Queen Mary was the first accredited university in the UK in 2006 to pay a real Living Wage, and is also a founding partner of the Living Wage Foundation, which was established in 2011 to recognise the leadership of employers who choose to pay a real Living Wage based on the cost of living, not just the government minimum. Read on to hear from Khalid Rouas from our Estates and Facilities team about his lived experience of the Living Wage.
6 November 2018
It's Living Wage Week, and on Monday the Mayor of London, Sadiq Khan, announced the new Living Wage rates including the London Living Wage at £10.55 per hour and £9 for the rest of the UK. The real Living Wage is an hourly rate independently calculated on the basis of what it costs to live and support a family. Speaking at the Living Wage Week launch in London, Sadiq Khan said: “Nearly a fifth of all jobs in London pay less than the Living Wage. Nobody who goes out to work every day should have to live in poverty. We can, and must, do better.”
In addition to adopting the Living Wage in 2006, Queen Mary also introduced new working conditions for staff. By January 2008, every staff member at the university – regardless of rank or role – received a basic minimum package of 30 days’ annual leave, access to sick pay, an annually negotiated pay increase and an employer-contribution pension scheme.
“Prior to the Living Wage being introduced, I found it very hard to make ends meet for myself and my family. It was often hard to find money to pay the rent. Having a full time job, but earning little, meant that I would not be able to access certain benefits, so providing for my family was very difficult, especially with a wife and two children.

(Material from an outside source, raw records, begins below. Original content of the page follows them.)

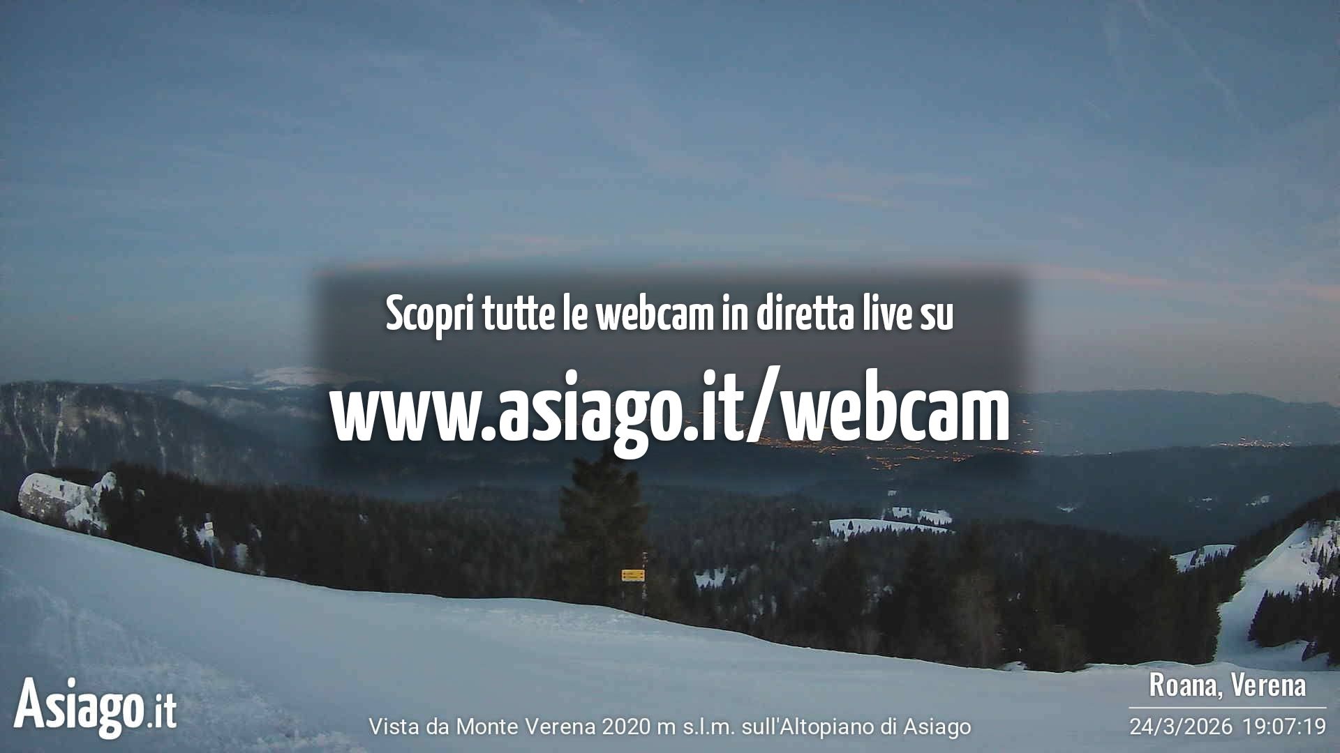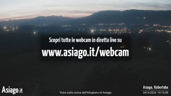 Webcam Asiago, le livecam per osservare in tempo reale le condizioni di innevamento e meteo nel comprensorio sciistico Asiago Sette Comuni. Le webcam sono puntate sulle ski area Kaberlaba, Roana Verena, Gallio, Campo Mulo e sulla città di Asiago. Webcam fornite da https://www.asiago.it/it/webcam/.
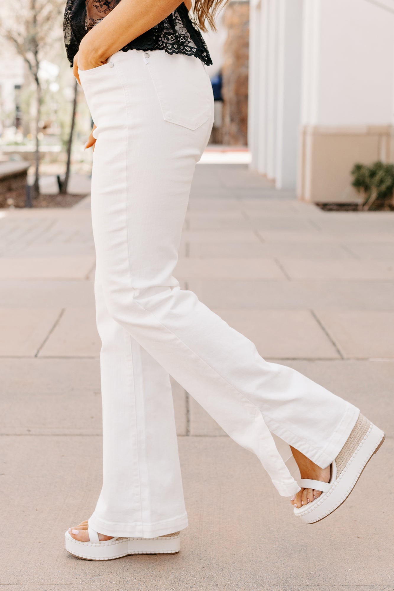 Claudette High Rise Flare Judy Blue Jeans (White) - NanaMacs
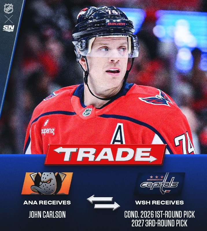 ❗️🦅 «Вашингтон» обменял Джона Карлсона в «Анахайм» на два драфт-пика (условный 1-й раунд 2026 и 3-й раунд 2027). 🏒 NHL
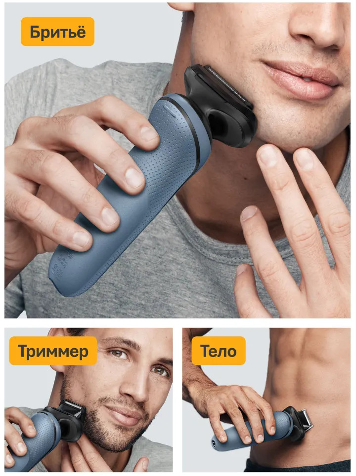 Меняйте с легкостью свою бритву под любую потребность. Эргономичная изогнутая форма и идеальное расположение точек касания интерфейса обеспечивают идеальный захват в любой ситуации. Литий-ионный аккумулятор обеспечивает до 3 недель бритья и имеет функцию быстрой 5-минутной зарядки. Бритвы данной серии 100% водонепроницаемые и предназначен для сухого бритья, с пеной, гелем и в душе.
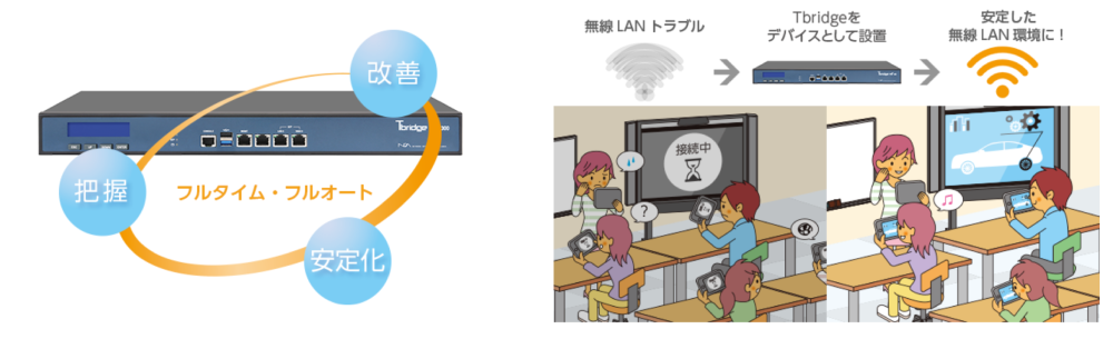 当社が2014年から販売している『Tbridge®』は、PCやタブレットなど複数の端末からデジタルコンテンツに同時接続する際に発生しやすい「遅い」「よく切れる」「つながらない」といった問題を可視化し、原因を制御することで遅延要因を解消するソリューションです。1人1台環境に対応した校内LANを実現し、授業運営を円滑にする『Tbridge®』は、学校や自治体などのユーザーに評価されています。これまでに累計出荷台数は2,000台以上、国内の約10%の自治体の教育委員会(約170自治体、約2,000校)でご利用いただいております。

“Feeding my family properly and paying the bills was very difficult. I would have to work a lot of overtime to try to ensure I could buy proper clothes for my children. Working so many hours meant I would not see very much of my family which hurt me, especially with the children growing up.
“All of these problems left me anxious and worried about how I would support my family, especially if emergencies came up.
"Earning the London Living Wage has helped me considerably. I can now afford to support my family properly and am not constantly anxious about where the rent money, bills or clothes for my children will come from.
“I do not have to work seven days a week just to ensure that my family are provided for. This means that I can spend more time with my family, help with my children’s education, and be a better father and husband.
“I am very grateful to the London Living Wage organisation and Queen Mary for the London Living Wage which has had such a big effect on myself, my family, and so many other families where the Living Wage is being paid. Without this, I would not be able to stand here today, happy and proud of what I do.”
“We are extremely proud Queen Mary was the first accredited university in the UK to pay a real Living Wage. Listening to Khalid’s story shows the life-changing impact the Living Wage can have on people, their families and their communities. We hope that by paying our staff fairly we are setting an example that will help the campaign as it grows into a national movement.”
Last year, we celebrated Living Wage Week by sharing stories from three Queen Mary students who had part-time jobs at our university. Find out what being paid the London Living Wage meant to them, and the impact it’s had on their lives here.
Working in partnership with groups such as Citizens UK, research from Queen Mary supports the campaign for a Living Wage, engaging with policy makers to improve lives. The Living Wage aims to have an impact on high rates of ‘in-work poverty’ that affects millions of households in the UK by introducing a higher minimum pay threshold based on the amount an individual needs to earn to cover the basic costs of living.
As a principal partner of the Living Wage Foundation, a Citizens UK initiative, research from Queen Mary’s School of Geography has provided evidence to support the campaign for employers to adopt the living wage.